[Task requirements]:
Below this line is a listing that includes pictures. Copy exactly, and only, the lines from the one containing "簡単ファイル名整理!AIが画" through the one containing "Haben Sie schon"; the pictures do not go in the copy.

[Excerpted data]:
****************************************

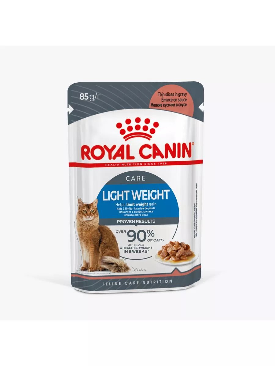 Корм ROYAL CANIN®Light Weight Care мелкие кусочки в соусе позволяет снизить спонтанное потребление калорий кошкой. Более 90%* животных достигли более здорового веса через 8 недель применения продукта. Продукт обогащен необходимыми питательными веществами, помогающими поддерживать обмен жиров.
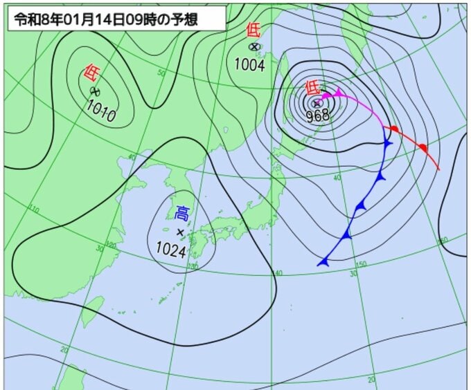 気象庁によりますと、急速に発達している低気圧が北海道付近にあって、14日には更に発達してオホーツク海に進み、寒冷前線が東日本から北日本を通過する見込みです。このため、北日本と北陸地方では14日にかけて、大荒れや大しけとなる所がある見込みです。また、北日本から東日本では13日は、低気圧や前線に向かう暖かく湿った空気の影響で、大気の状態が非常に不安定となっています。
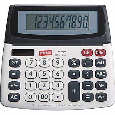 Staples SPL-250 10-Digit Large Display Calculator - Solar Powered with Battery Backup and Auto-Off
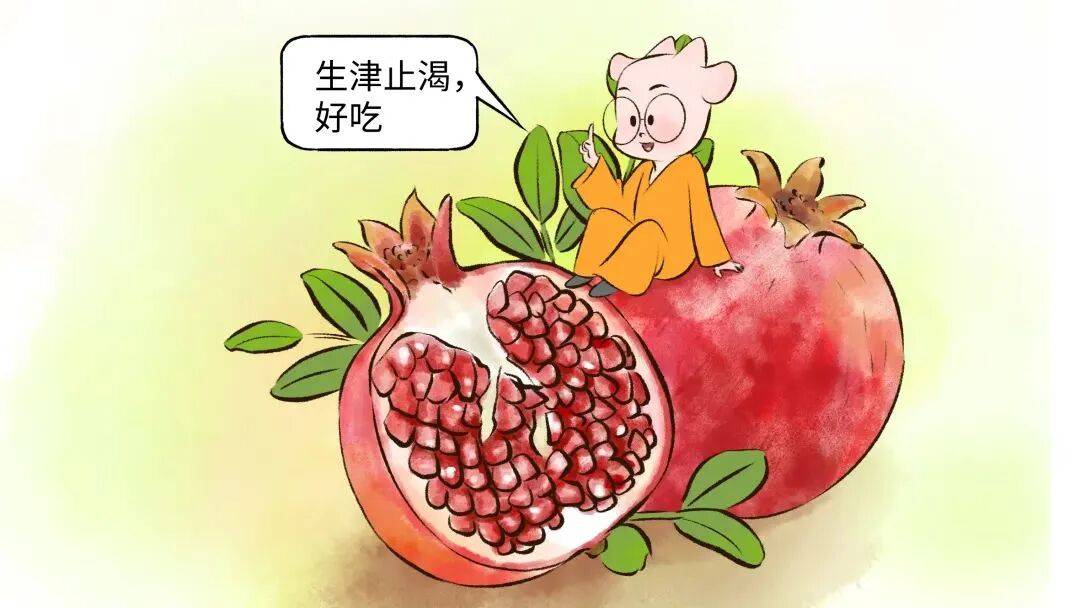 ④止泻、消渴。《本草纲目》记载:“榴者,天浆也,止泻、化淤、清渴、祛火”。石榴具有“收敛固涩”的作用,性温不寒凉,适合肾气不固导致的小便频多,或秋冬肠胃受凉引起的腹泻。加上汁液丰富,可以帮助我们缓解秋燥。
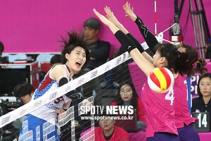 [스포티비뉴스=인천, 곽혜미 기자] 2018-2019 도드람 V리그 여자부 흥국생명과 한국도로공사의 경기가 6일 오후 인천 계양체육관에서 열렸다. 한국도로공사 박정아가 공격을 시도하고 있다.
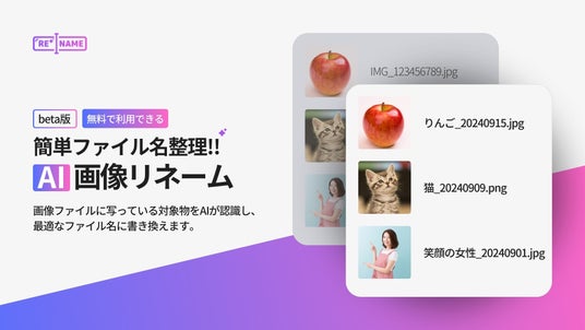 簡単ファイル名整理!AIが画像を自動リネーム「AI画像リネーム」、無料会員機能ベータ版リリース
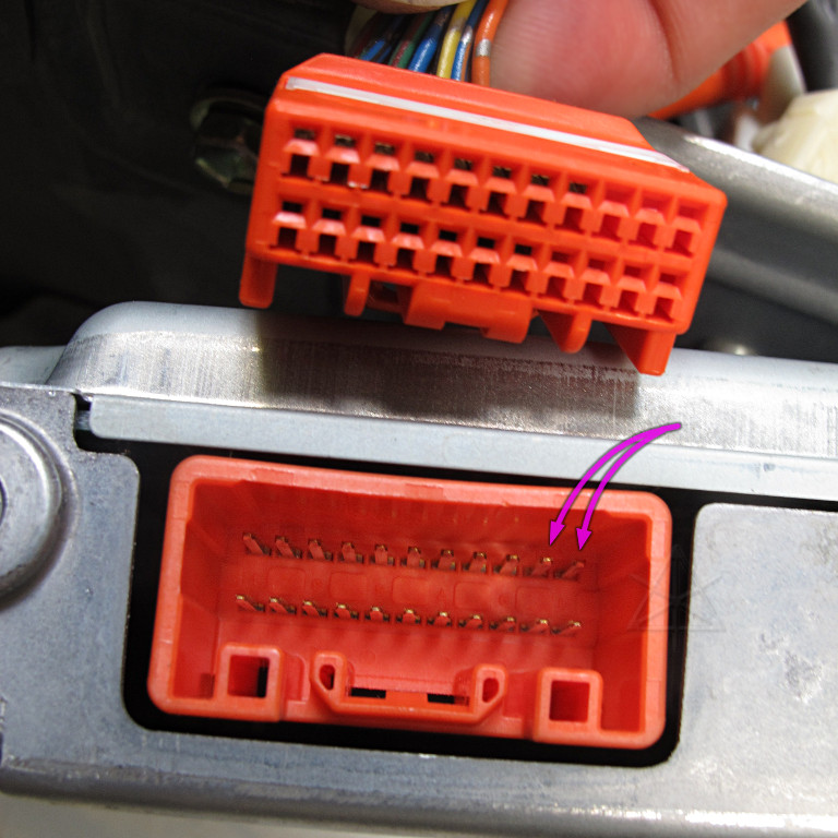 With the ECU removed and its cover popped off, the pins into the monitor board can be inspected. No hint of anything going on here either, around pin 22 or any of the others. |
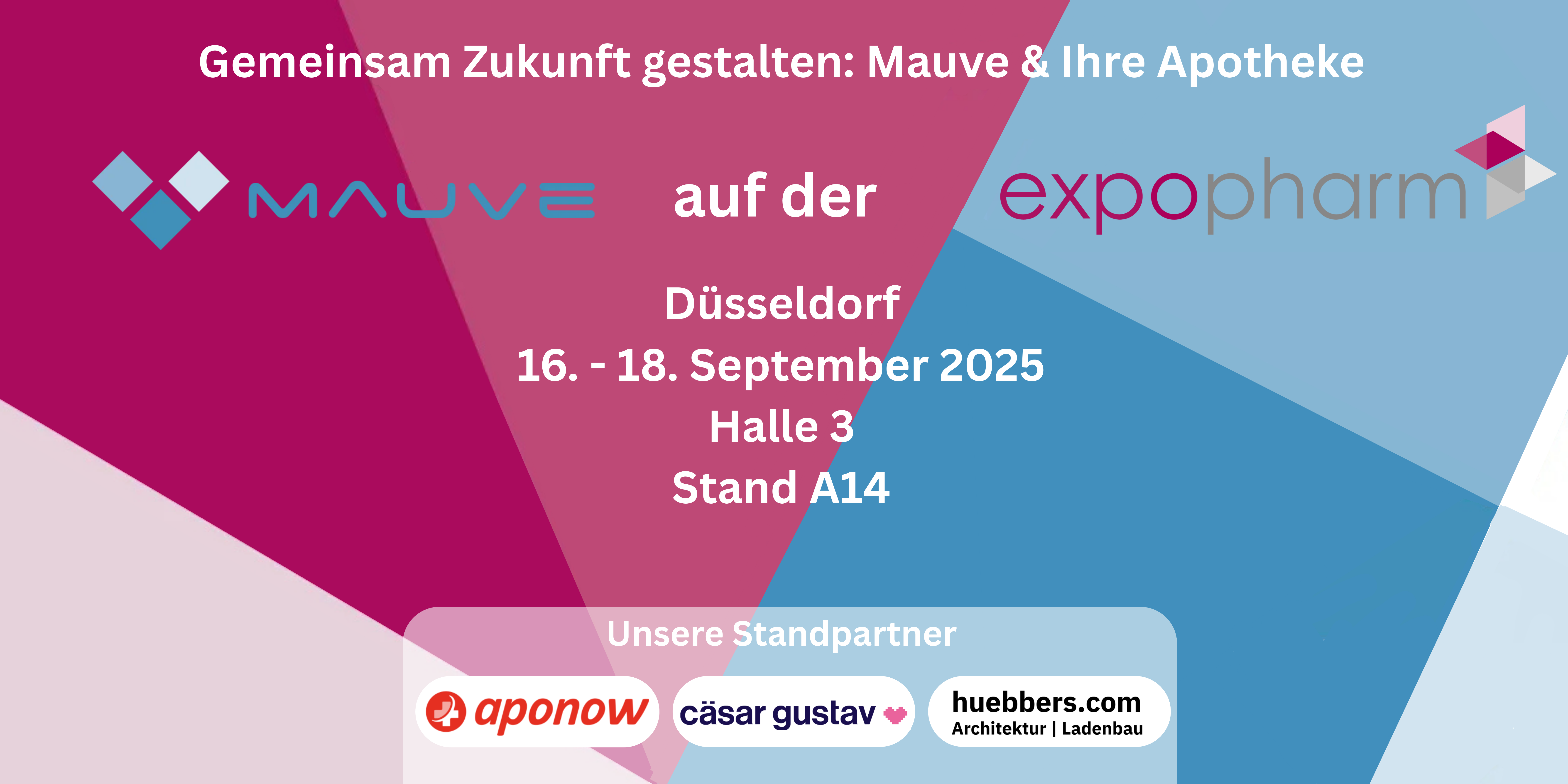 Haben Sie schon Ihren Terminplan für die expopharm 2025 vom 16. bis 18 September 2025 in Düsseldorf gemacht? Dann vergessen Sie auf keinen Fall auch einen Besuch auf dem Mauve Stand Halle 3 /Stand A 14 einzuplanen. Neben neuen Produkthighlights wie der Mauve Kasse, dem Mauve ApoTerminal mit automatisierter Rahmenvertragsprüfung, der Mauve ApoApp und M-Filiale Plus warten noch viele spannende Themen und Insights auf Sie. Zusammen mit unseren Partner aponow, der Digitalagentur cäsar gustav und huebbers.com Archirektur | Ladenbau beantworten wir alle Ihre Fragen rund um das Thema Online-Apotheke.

****************************************

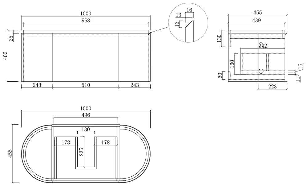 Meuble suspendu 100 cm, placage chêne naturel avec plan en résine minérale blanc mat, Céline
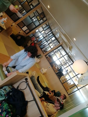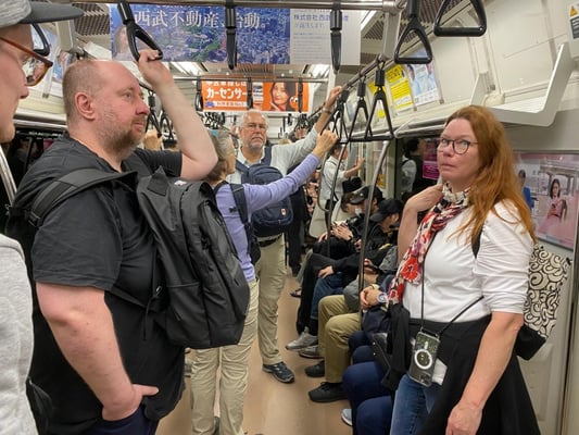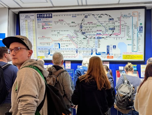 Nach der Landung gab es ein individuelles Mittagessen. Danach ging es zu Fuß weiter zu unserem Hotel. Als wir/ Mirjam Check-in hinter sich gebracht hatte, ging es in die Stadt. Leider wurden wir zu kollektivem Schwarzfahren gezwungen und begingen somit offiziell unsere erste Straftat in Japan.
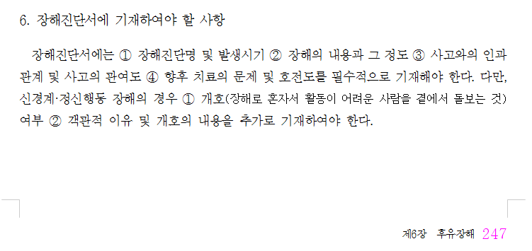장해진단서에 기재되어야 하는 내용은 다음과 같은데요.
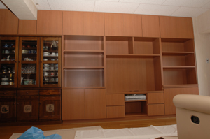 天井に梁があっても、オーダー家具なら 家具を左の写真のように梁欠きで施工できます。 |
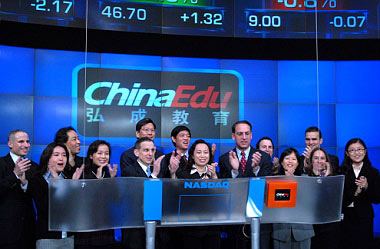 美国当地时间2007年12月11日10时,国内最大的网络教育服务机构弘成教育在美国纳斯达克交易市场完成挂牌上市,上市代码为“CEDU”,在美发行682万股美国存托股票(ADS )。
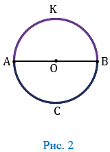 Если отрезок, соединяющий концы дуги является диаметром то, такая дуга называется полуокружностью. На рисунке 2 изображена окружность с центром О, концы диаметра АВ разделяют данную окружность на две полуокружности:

****************************************

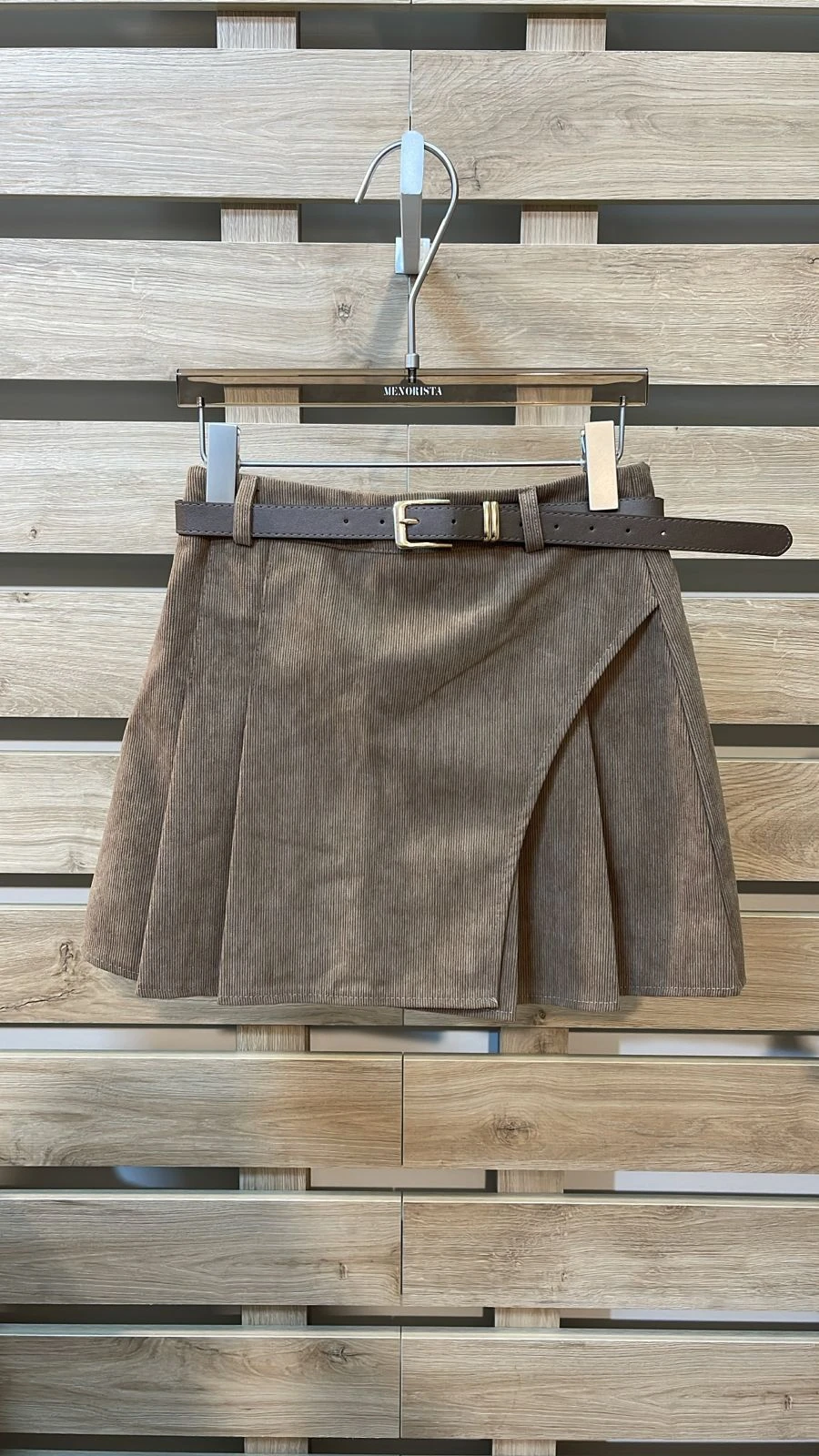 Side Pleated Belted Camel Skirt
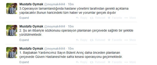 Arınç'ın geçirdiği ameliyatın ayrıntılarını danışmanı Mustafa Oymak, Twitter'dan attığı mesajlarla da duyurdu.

****************************************

[Answer section]:
 簡単ファイル名整理!AIが画像を自動リネーム「AI画像リネーム」、無料会員機能ベータ版リリース
 With the ECU removed and its cover popped off, the pins into the monitor board can be inspected. No hint of anything going on here either, around pin 22 or any of the others. |
 Haben Sie schon Ihren Terminplan für die expopharm 2025 vom 16. bis 18 September 2025 in Düsseldorf gemacht? Dann vergessen Sie auf keinen Fall auch einen Besuch auf dem Mauve Stand Halle 3 /Stand A 14 einzuplanen. Neben neuen Produkthighlights wie der Mauve Kasse, dem Mauve ApoTerminal mit automatisierter Rahmenvertragsprüfung, der Mauve ApoApp und M-Filiale Plus warten noch viele spannende Themen und Insights auf Sie. Zusammen mit unseren Partner aponow, der Digitalagentur cäsar gustav und huebbers.com Archirektur | Ladenbau beantworten wir alle Ihre Fragen rund um das Thema Online-Apotheke.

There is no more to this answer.